▶ **ACTIVITY**: Restate, exactly as written, the entries below from the line that holds "Shabby chic and" through the line that holds "Made with fir". Pictures are not part of the copy.

▶ **WORKING DATA**:
━━━━━━

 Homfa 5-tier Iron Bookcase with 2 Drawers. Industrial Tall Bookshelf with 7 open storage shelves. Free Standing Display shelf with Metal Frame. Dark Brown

━━━━━━

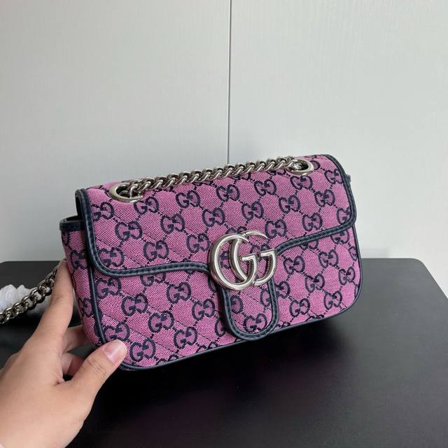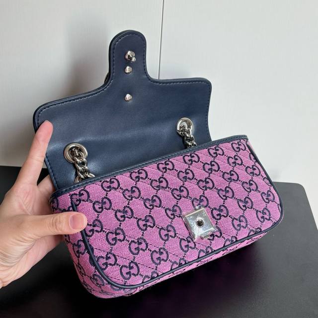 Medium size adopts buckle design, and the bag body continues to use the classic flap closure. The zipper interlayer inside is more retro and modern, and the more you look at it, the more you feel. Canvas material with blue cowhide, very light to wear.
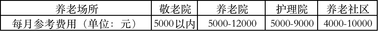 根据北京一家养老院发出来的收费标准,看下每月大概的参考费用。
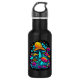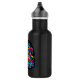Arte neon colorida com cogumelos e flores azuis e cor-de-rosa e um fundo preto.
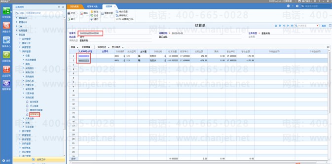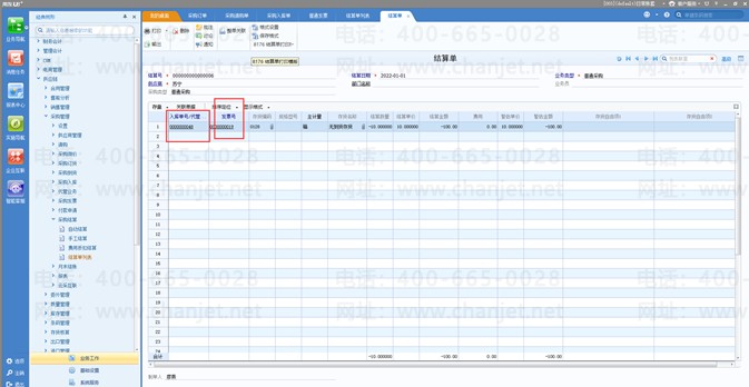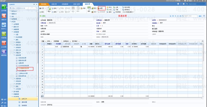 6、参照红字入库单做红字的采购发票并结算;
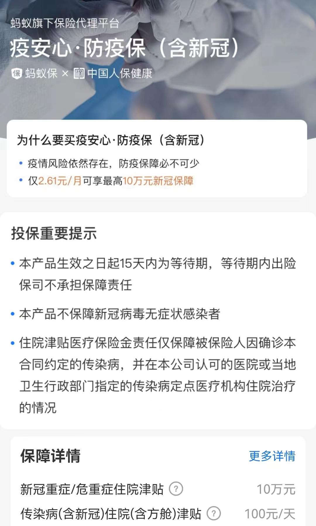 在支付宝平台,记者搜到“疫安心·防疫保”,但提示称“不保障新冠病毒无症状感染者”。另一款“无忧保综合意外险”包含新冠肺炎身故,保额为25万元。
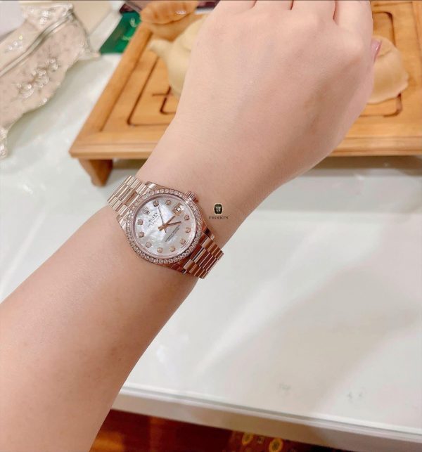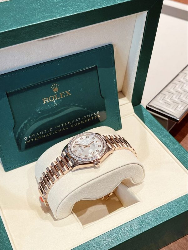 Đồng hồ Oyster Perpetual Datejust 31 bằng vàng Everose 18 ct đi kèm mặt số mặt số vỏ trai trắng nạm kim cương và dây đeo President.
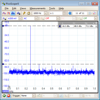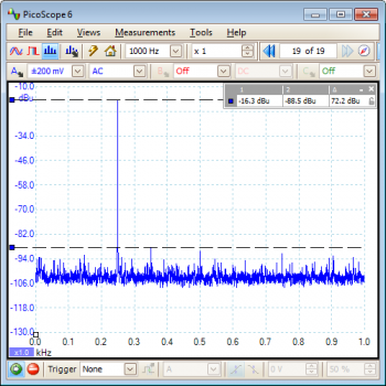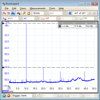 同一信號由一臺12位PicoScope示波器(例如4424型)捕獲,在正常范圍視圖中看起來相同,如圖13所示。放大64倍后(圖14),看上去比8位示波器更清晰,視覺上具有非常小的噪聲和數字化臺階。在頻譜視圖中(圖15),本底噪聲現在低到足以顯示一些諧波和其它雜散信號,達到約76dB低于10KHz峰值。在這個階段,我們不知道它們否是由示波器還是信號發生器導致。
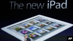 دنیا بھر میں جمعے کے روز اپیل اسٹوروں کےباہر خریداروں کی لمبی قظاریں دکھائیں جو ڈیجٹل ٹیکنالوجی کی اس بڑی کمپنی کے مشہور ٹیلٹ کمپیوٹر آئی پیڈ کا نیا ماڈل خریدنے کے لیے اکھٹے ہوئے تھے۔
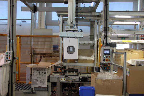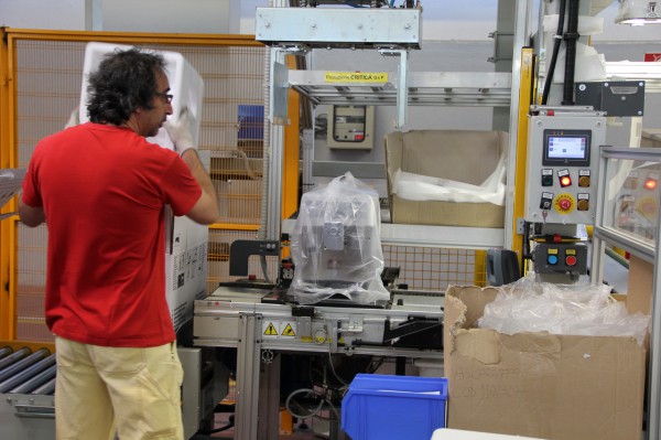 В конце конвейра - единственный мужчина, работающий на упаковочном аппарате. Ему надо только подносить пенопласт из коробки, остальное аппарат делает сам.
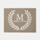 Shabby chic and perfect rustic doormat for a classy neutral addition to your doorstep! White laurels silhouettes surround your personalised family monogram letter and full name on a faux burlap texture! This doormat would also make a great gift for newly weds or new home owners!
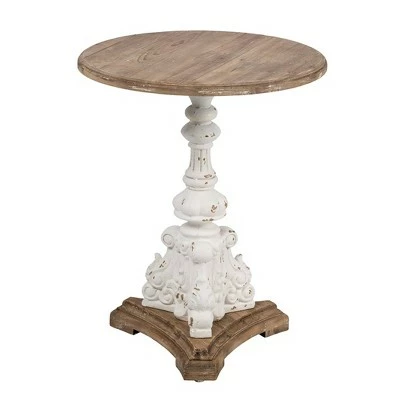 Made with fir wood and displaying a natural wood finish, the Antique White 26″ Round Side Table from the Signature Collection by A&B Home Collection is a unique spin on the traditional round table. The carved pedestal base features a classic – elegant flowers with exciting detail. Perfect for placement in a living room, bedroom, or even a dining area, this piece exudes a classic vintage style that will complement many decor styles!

━━━━━━

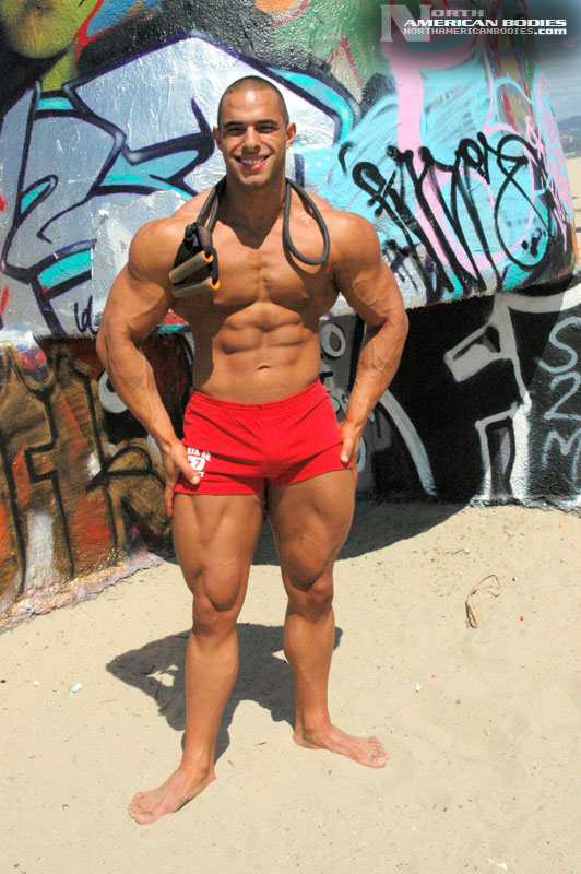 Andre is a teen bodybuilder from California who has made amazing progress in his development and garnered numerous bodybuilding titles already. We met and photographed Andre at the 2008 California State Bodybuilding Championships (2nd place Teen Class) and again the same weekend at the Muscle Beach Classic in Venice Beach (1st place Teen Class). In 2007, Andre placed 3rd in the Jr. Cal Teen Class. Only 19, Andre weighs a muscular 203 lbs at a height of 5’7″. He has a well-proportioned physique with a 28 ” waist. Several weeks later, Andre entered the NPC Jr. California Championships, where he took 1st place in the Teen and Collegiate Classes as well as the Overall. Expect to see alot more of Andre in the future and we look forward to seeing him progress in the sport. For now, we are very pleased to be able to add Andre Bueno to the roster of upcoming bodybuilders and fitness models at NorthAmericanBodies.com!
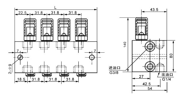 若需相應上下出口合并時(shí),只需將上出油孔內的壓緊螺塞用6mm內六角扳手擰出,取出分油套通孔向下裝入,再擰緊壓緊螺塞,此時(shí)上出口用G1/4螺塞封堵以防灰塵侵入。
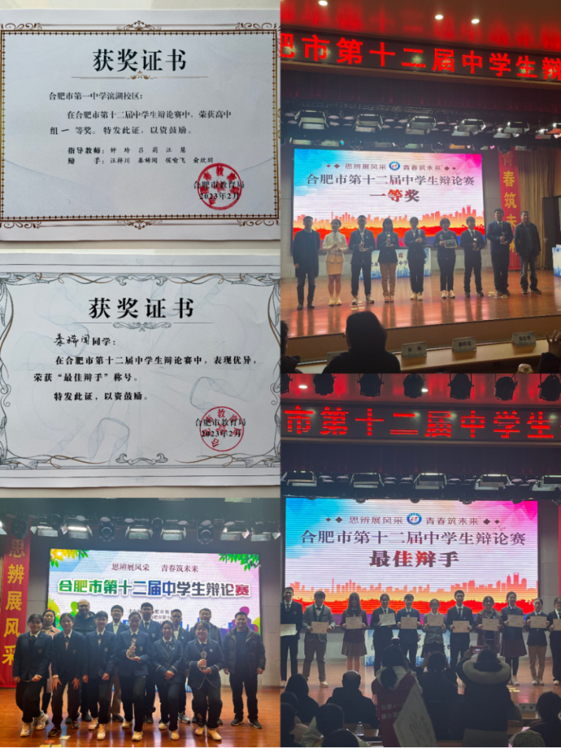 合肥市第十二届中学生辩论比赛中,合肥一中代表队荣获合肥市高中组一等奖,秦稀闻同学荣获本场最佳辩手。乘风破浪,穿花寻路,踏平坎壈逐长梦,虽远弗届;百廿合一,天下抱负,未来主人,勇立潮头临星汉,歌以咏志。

━━━━━━

▶ **EXERCISE OUTPUT**:
 Shabby chic and perfect rustic doormat for a classy neutral addition to your doorstep! White laurels silhouettes surround your personalised family monogram letter and full name on a faux burlap texture! This doormat would also make a great gift for newly weds or new home owners!
 Made with fir wood and displaying a natural wood finish, the Antique White 26″ Round Side Table from the Signature Collection by A&B Home Collection is a unique spin on the traditional round table. The carved pedestal base features a classic – elegant flowers with exciting detail. Perfect for placement in a living room, bedroom, or even a dining area, this piece exudes a classic vintage style that will complement many decor styles!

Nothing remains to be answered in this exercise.